Ein weiterer großer Pluspunkt ist die Vielfältigkeit des Programms. Alle Veranstaltungen und Vorlesungen der Duke Universität stehen den Media Fellows offen, ganz gleich, welcher Fachrichtung. Eine kurze Mail beim zuständigen Prof. genügt.

Der zentrale Anlaufpunkt für alle Stipendiaten ist die Sanford School of Public Policy. Hier trifft sich die Gruppe aus deutschen RIAS-Leuten und Journalisten aus aller Welt, um über die aktuellen und speziellen Herausforderungen im Journalismus zu diskutieren und Erfahrungen auszutauschen. Eduardo aus Nicaragua muss mit ganz elementaren Problemen kämpfen, weil es einfach keine freie Presse in seinem Land gibt. „Unbequemen Journalisten wirft die Regierung gern vor, von der CIA gesteuert zu sein,” sagt er. Unter solchen Bedingungen alltäglich an Informationen heranzukommen und diese dann auch noch senden zu können, für den Fernsehmann ein hartes Brot. Kay C. aus Los Angeles erzählt, mit welcher Wucht die Wirtschaftskrise die amerikanischen Kollegen erwischt hat und wie radikal das Internet mit allem Geblogge und Getwittere Sende- und Redaktionsabläufe verändert — das alles beherrschende Thema, auch für die fellows aus Japan und Korea. Im Vergleich dazu wirkt die Situation in Deutschland nach wie vor „öffentlich-rechtlich behütet”.

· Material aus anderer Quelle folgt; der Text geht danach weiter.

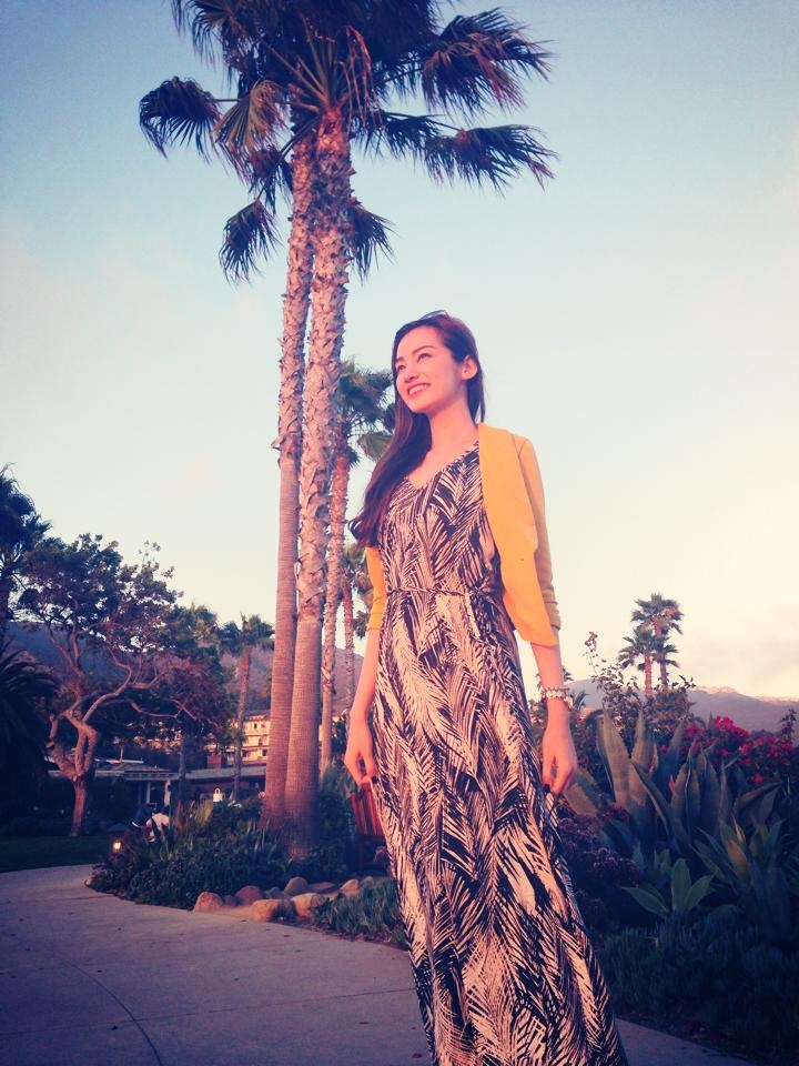 | Ngọc Hân sử dụng blazer trắng khi mix kèm maxi họa tiết trẻ trung. |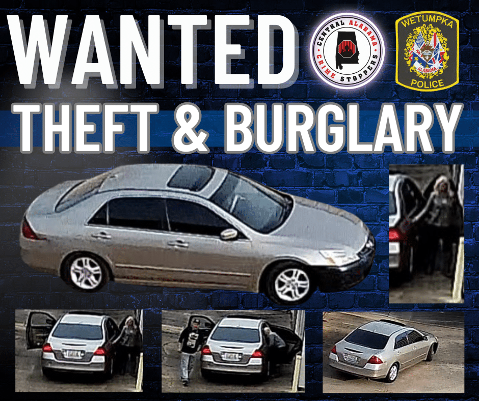 Wetumpka Police Investigators released a photo of two unknown suspects wanted for a felony theft and burglary investigation. Investigators say the offense occurred, on Thanksgiving Day, November 23, 2023, at a business located in the 4000 block of U.S. Highway 231, Wetumpka, AL.

Neben diesem „Pflichtprogramm” hat Laurie Bley, Direktorin des Media Fellows Programms, viele spannende Vorträge, Diskussionsrunden und Veranstaltungen zusammengestellt. Ein Basketball-Training mit der Legende „Coach K” zum Beispiel. Der Erfolgstrainer Mike Krzyzewski führt seit vielen Jahren sämtliche Duke-Teams zur Meisterschaft und wird wie ein Held verehrt. Der lokale Fernsehsender wral-tv hat seine Studios in Downtown Raleigh. Es ist überraschend zu sehen, wie kurz die technischen Wege vom Schnitt bis zum Newsroom sind, wie schlank der Produktionsapparat ist und wie lässig und professionell die amerikanischen Kollegen arbeiten. „House Quake” — diese streckenweise amüsante, politische Dokumentation schildert, wie die Demokraten 2006 das Abgeordnetenhaus erobert haben, mit welcher Intensität die Kampagne geführt worden ist und was hinter den Kulissen so abläuft während eines Wahlkampfs. Zusätzliches Schmankerl für das Duke-Publikum: Regisseurin Karen Price plaudert aus dem Nähkästchen, wie der Film zustande gekommen ist.

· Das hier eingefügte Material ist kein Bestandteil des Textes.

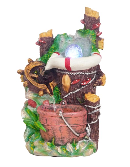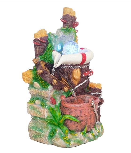 Package Content - One 2 Steps Attractive Multicolor Well & Bucket Design Water Fountain with Multicolor LED Light & Rotating Crystal Ball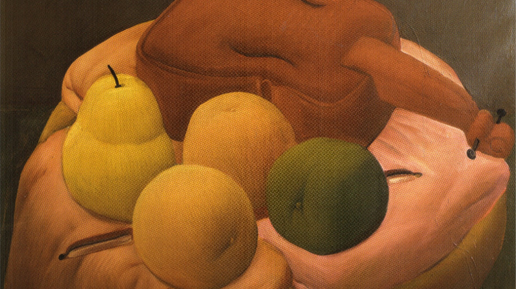 В этой работе колумбийский художник Фернандо Ботеро (годы жизни 1932-2023) рисует натюрморт с фруктами и скрипкой, находящейся на столешнице и обтянутой светло-розовой тканью. Объекты на картине были представлены именно с той объёмностью, с которой запросто могло бы ассоциироваться имя Ботеро. Плоды пухлые, а по краям кажущаяся буквально надутой скрипка выпирает собой наружу. Плотной и «пухлой» кажется даже ткань. По мнению самого Ботеро, живопись в этой манере демонстрирует собой «чувственность формы, сладострастие и изобилие в природе, выраженные в художественном искусстве»...

Viele interessante und hochkarätige Vorträge hat es gegeben, das Highlight: Bob himself nimmt Platz in der Sanford School, um über sein neues Buch zu sprechen. Bob Woodward, berühmt geworden als Reporter der Washington Post, als er gemeinsam mit einem Kollegen die Hintergründe der Watergate-Affäre aufdeckte, hat sich zuletzt mit „Obama’s Wars” beschäftigt. Er beschreibt u. a. den Konflikt zwischen dem Präsidenten und seinen Militärberatern über die rasche Beendigung des Afghanistan-Krieges. Die Berater wollen oder können Obama keinen schnellen Rückzugsplan liefern. Woodward redet, man hört ihm zu, vielleicht nicht gebannt, aber mit großem Respekt: „I quite frankly think that it’s important for the public to know that the commander in chief wants out.” Und man realisiert noch einmal, Duke ist nicht irgendeine Durchschnitts-Uni, sonst wäre Bob wohl nicht hier.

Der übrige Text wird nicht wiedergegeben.